Having a solid credit score can help you to snag the apartment you want, and avoid the hassles associated with trying to secure an apartment when your credit isn’t as great, such as getting a roommate or a co-signer. Especially if you live in a city with a competitive rental market, a good credit score can be a serious edge.

How to Monitor and Keep Track of Credit Scores

Ideally, you want to check your credit and get a copy of your credit report before you start apartment hunting. It’s important to know where you stand and, if there are any errors, you want to fix them right away.

Until April 20, 2022, you can get free weekly credit reports from the three national credit reporting agencies, Equifax, Experian and TransUnion. To get your free reports, simply go to AnnualCreditReport.com .

While your credit report provides information on your various credit accounts and their balances and your payment history, it does not include your credit score. You can check your credit score by looking at a loan or credit card statement or through an online credit score checker. You can also buy a score directly through credit reporting companies. Even if you might have checked your credit score not that long ago, don’t skip doing so again — your credit score updates every 30 to 45 days.

If your score is low, consider taking steps to improve it before jumping into your apartment search. Actions like paying down credit card balances and making sure you don’t have any more late or missed payments for a stretch can show progress.

What’s Expected in 2022?

According to an outlook on the U.S. rental market published by the property management platform ManageCasa, demand for rentals will grow in the coming year. In fact, ManageCasa writes that the “rise in rents for the rest of 2021 and 2022 might be surprising to some.”

The report indicates that the U.S. rental property market is currently experiencing severe shortages, heightened demand and high property prices, while those looking to rent are competing with a wealthier pool of renters.

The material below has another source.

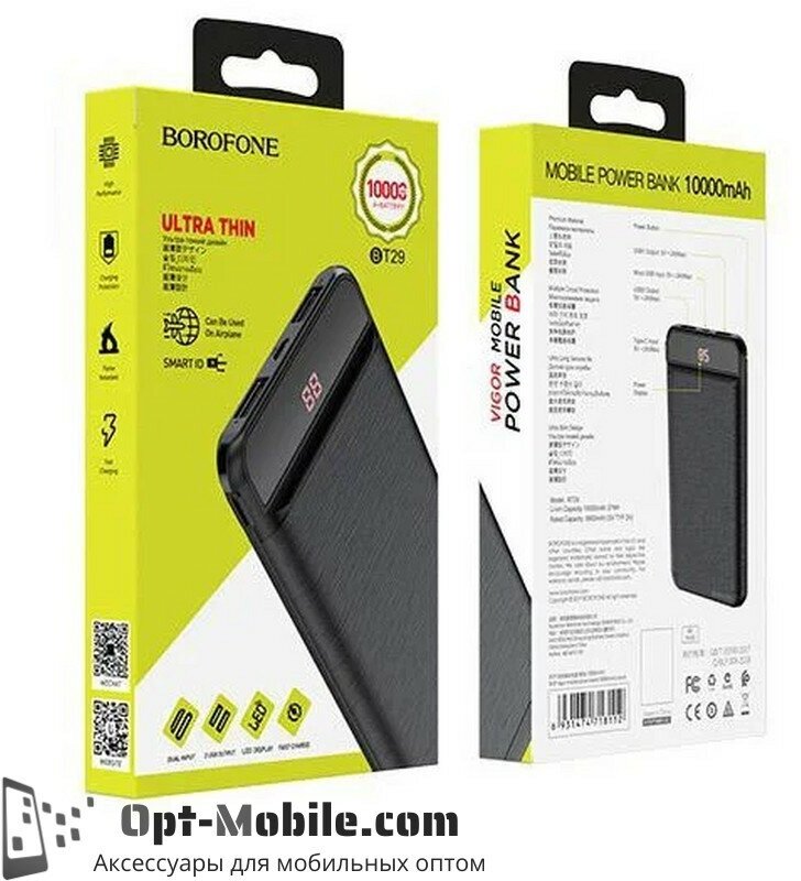 Лучшие цены. Артикул № 776475 Универсальный дополнительный аккумулятор BOROFONE BT29 будет незаменимым помощников в путешествиях, в походах, на прогулке и дома. Обладает рядом преимуществ: 1) Большая емкость 10000 мАч. 2) Универсальность. Подходит для любых мобильных устройств. 3) Многофункциональность. С его помощью можно заряжать сразу два девайса. 4) Минималистичный дизайн. 5) Наличие цифрового дисплея. 6) Встроенная многоуровневая защита. 7) Поддержка быстрой зарядки. 8) Компактные размеры и небольшой вес. Магазины в вашем городе.

This is driving up prices.

Further compounding the situation is the fact that housing prices are so inflated that the percentage of people who can afford a home has already dropped off and likely will continue to do so, according to Forbes’ predictions . This could lead to a rental market that is even more competitive, which may not bode well for those with less than stellar credit.

The Takeaway

You’ll want to shoot for having a good credit score — generally in the range of 570-739 — to get an apartment. While you may be able to still get an apartment if you don’t have solid credit, it will make it more challenging with the competition you’re likely to face.

If you have the luxury of time, do what’s necessary to improve your score so that when you begin your search you’ll be an ideal candidate. An online credit monitoring tool like SoFi Relay can make it easier.

Stay on top of your credit score and easily see what impacts it.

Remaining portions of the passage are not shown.